| INPUT DATA |
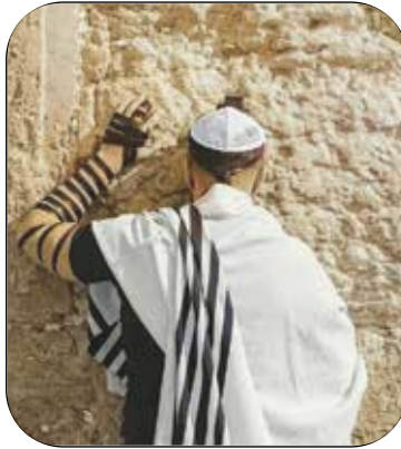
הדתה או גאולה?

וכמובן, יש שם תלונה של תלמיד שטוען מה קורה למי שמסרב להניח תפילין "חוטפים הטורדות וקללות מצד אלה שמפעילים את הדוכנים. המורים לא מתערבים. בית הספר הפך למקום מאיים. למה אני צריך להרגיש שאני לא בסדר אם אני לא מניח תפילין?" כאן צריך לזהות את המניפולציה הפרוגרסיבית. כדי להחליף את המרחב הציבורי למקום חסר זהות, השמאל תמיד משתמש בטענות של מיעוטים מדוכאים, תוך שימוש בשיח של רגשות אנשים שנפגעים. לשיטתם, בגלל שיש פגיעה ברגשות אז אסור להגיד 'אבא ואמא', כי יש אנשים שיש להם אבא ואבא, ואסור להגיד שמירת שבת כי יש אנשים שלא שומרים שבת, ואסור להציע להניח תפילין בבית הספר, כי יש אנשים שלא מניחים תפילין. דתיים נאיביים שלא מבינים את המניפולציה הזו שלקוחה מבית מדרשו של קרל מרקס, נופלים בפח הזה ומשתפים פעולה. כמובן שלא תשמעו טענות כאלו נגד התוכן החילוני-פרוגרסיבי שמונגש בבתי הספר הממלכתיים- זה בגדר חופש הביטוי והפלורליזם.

...

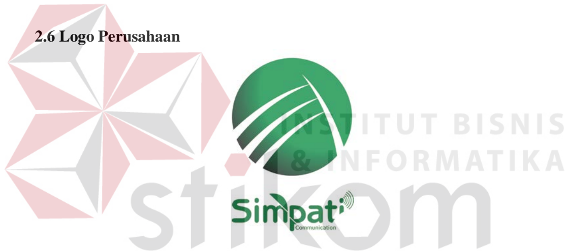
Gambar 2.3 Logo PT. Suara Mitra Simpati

==

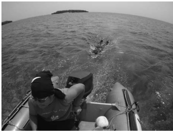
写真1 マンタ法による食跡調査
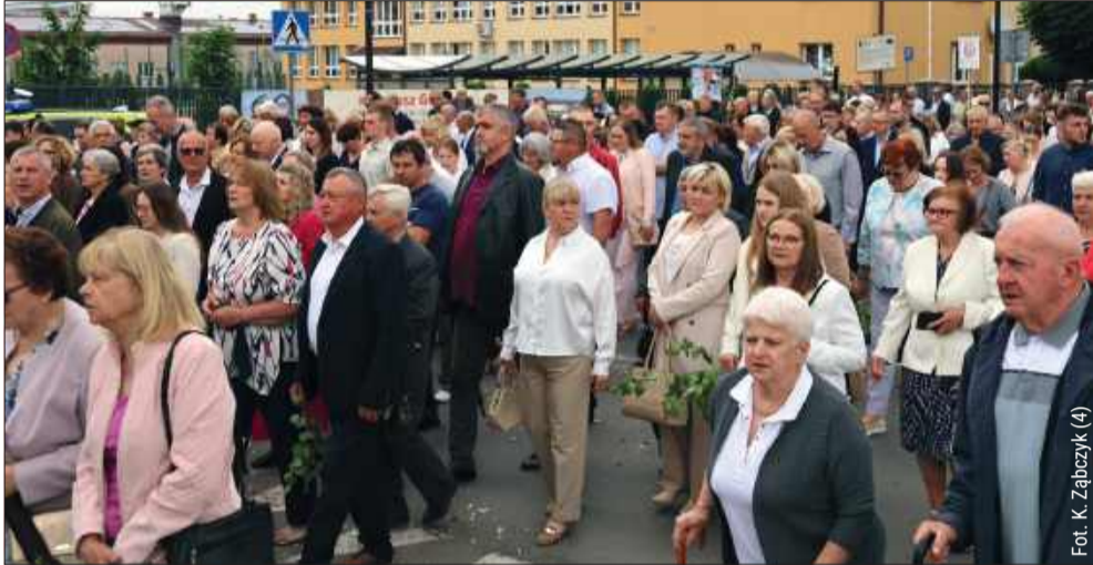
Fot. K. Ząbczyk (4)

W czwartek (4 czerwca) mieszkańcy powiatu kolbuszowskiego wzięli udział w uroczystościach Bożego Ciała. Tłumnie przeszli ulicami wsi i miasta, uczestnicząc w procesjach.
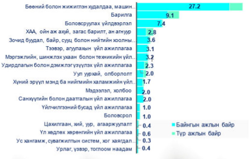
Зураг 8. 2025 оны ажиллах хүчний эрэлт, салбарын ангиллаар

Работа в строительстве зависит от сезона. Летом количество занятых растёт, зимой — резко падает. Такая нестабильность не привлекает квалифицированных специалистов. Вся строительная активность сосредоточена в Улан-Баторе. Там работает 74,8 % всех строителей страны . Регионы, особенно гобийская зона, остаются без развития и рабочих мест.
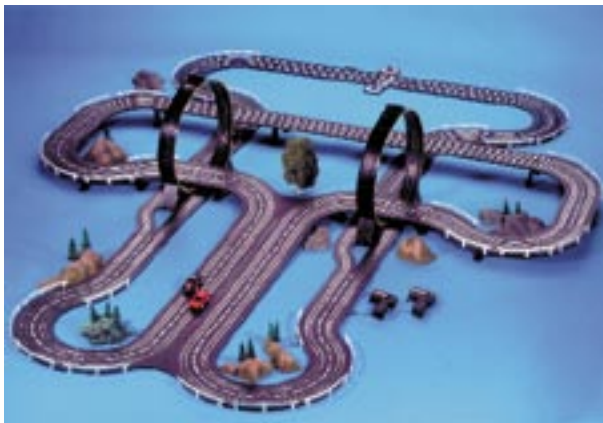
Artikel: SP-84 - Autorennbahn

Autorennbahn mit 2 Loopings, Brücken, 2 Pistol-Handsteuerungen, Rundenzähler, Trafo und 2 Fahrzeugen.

| TASK REQUIREMENTS |
In the records above, find the lines containing "Autorennbahn" and copy them.

| SOLUTION BELOW |
Artikel: SP-84 - Autorennbahn
Autorennbahn mit 2 Loopings, Brücken, 2 Pistol-Handsteuerungen, Rundenzähler, Trafo und 2 Fahrzeugen.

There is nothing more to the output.